Gobs of hula and ukulele

  • Contributed by Lori Dill

    Kumu Leihi‘ilani Kirkpatrick will lead a hula group at Monday’s E Kanikapila Kakou concert at the Aqua Kauai Beach Resort near Hanamaulu.

  • Contributed by Anne E. OʻMalley

    Nathan Kalama, a co-founder of the Malie Foundation, will lead a hula group at Monday’s E Kanikapila Kakou concert at the Aqua Kauai Beach Resort near Hanamaulu.

It’s the fifth of 10 Monday nights in the heritage Hawaiian music program, E Kanikapila Kakou, now in its 36th season. This Monday’s guests at EKK will provide choke hula — learn a hula from 6 to 7 p.m., enjoy an hour of ukulele music by a Japanese group from 7 to 8 p.m. and, after a short break, show-your-stuff hula until 9 p.m.

Thanks to the hula organizers — the nonprofit Malie Foundation — the Jasmine Ballroom of the Aqua Kauai Beach Resort will be hopping. They’re hosting four kumu hula who will be teaching in four areas of the ballroom.

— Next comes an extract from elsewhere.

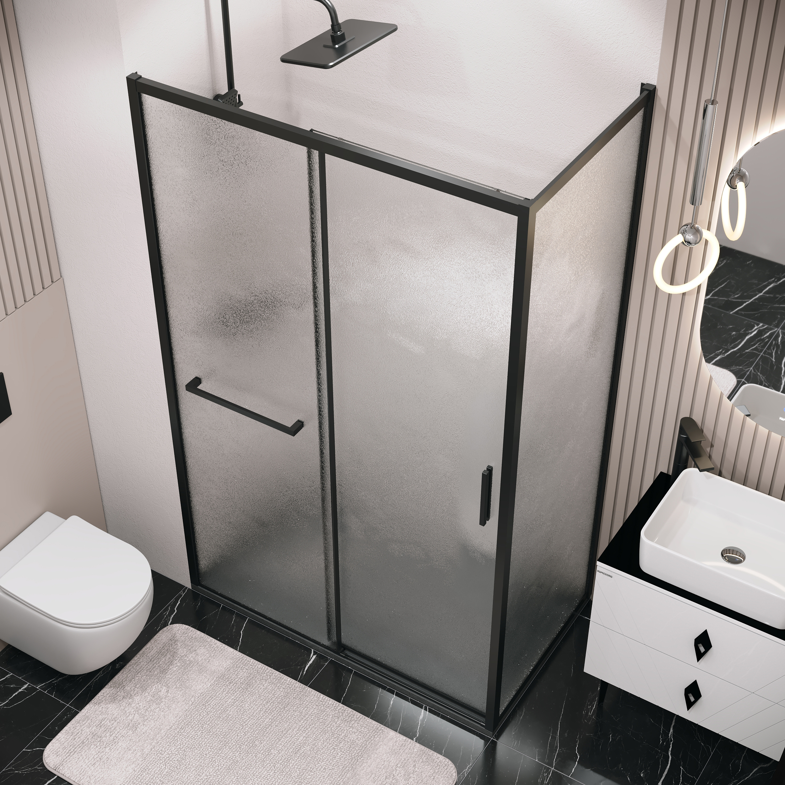 Душевое ограждение Grossman Style 100.K33.05.120.21.02- 200.K33.05.80.21.02 (120х80х195 cm) дверь раздвижная(левая), черный матовый, стекло шиншилла, 2 места: Форма: Прямоугольная
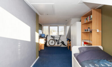 Aan de achterzijde treft u deze laatste kamer, welke ideaal te gebruiken is als extra slaap-, hobby- of werkkamer bijvoorbeeld.

The guest kumu hula are Nathan Kalama, one of the foundation’s founders, with his Na Kupuna O Kalamaolaimaluhialani; Kamealoha Forrest, whose Halau Hula ‘o Ke‘alalaua‘eomakana is based in Waipa in Halele‘a; Lehi‘ilani Kirkpatrick, whose Halau Ka Lei Kukui Hi‘ilani is based in Princeville; and Troy Hinano Lazaro, with his Halau Ka Pa Hula o Hinano.

“Hula is not simply a dance. It is a prayer brought to form,” Forrest said. “Many people think of it as a pretty art form that tells stories, but forget its religious and ceremonial importance.”

“A hula not only brings the story or prayer to life, but brings it to the present, allowing those deities, demi-gods and chiefs to be among us for a time,” he added.

In the second hour, Ukulele Paradise, a troupe of ukulele students and music professionals from Japan, will take to the stage and share their love of Hawaiian music. It’s no secret that the Hawaiian culture is strongly embedded in those islands that boast many thousands of hula practitioners, and an ever-growing number of ukulele players.

In the final hour, all groups take turns dancing the hula they learned earlier.

Musical artists for the hula include executive director of the Malie Foundation Maka Herrod, Lady Ipo Kahaunaele-Ferreira, Anuhea Ka‘auwai and Darryl Gonzalves.

Suggested donation is $10 to $15.

The E Kanikapila Kakou 2019 Hawaiian Music Program is funded in part by the Hawaii Tourism Authority, supported by the County of Kauai Office of Economic Development, the Aqua Kauai Beach Resort, the Garden Island Arts Council, and other supporters.

Next Monday at EKK, Week 5, Feb. 25: Mauna Hape will teach and perform, comprised of Jeff Au Hoy, Adam Asing and Kapono Lopes.